A lucky immigrant, but far from home

Finding opportunities that her home country could not give her, despite her qualifications, has been a success savoured by this Spaniard. Although, she has not forgotten her dream of returning home to establish herself in Spain some day.


   Noelia Ceballos


Two years ago Andrea arrived in London, a city that she had been in love with since she was a young girl. Like many Spaniards she had to leave Spain to find a life somewhere else. She forms part of a lucky group who have found work in industry related to their qualifications.

Living in the English capital is a dream come true for Andrea. She made the journey with her partner, and she hasn’t regretted this step for a single moment. She was sure: “I had to leave Spain to move forward in my career.” After achieving her goal, she arrived to become Director of Events and Marketing at the Crowne Plaza. Working in the tourism industry, and time at City University London, helped her into the position she has now. This woman from Barcelona has shown her appreciation for this city: “If there is opportunity somewhere… it is in London.”

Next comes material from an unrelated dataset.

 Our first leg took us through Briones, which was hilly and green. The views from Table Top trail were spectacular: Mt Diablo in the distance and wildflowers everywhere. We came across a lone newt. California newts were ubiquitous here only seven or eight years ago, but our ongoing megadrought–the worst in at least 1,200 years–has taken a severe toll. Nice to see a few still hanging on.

The enthusiasm that Andrea expresses also hides a little of her disappointment in the reasons that led her to immigrate.

She acknowledges that she felt “pushed” to leave Spain “because of a lack of opportunities for young people.” She is one of the people criticising the  government’s handling of the crisis: “I feel that things are not being done well in Spain. I don’t feel that anything has been planned for the future”.

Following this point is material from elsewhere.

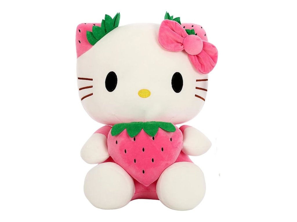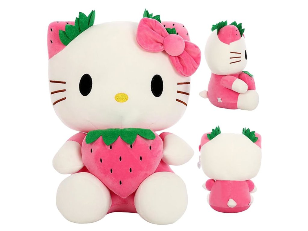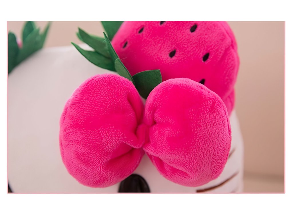 Aranyos Hello Kitty plüssjáték val veleper magassággal 22 cm Ideális ajándék fiatal és idős rajongóknak ikonikus karakter. Hello Kitty Rózsaszín ruhát visel, és a kezében egy jelentőségteljes eper, amely játékos és vidám megjelenést kölcsönöz a játéknak. Tipikus íj van a fején, ezúttal be eper stílusban, ami tovább hangsúlyozza cukiságának összbenyomását.

She shares her disillusion of “seeing how every day more young people, and now not so young people, are immigrating in search of opportunity, searching to show how prepared we are.”

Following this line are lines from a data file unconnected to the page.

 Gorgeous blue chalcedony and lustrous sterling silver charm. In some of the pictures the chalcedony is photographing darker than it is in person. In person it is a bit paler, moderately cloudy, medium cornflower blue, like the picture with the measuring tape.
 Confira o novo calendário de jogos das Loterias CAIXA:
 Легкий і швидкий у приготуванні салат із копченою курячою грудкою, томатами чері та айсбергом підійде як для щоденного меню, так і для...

There is anger in her words, particularly about politicians “they call us aventureros [adventurers]”, in an allusion to the expression that the Ministry of Employment uses to refer to these young people.

While the economic situation continues in a difficult recession, Andrea admits that she will continue to go “where there are better personal and professional opportunities. But I want to think that my future will be in Spain, with my people and my family”. At the moment, life for the Spaniard continues peacefully in a city that fascinates her, and where she has found herself a place within British society. She recognises “I have been very lucky to work with English people.” She also dedicates part of her time playing in a basketball team in the National League.

Another of her hobbies is simply to enjoy walking and experiencing the surprises on the streets of London.

“I start walking at Regent Street and find myself getting lost in all the side streets, losing track of time while I think, I make plans for my future or simply disconnect with the world sitting in one of the  many cafés in Soho.”

Andrea recalls that it was not easy in the beginning. But she remembers it with a smile, “especially the first job interviews”.

Her stay in London has changed her way of life. “It has opened my mind a thousand times. I have left behind my many quirks and prejudices and have learned to appreciate what I have much more and to live for every minute.”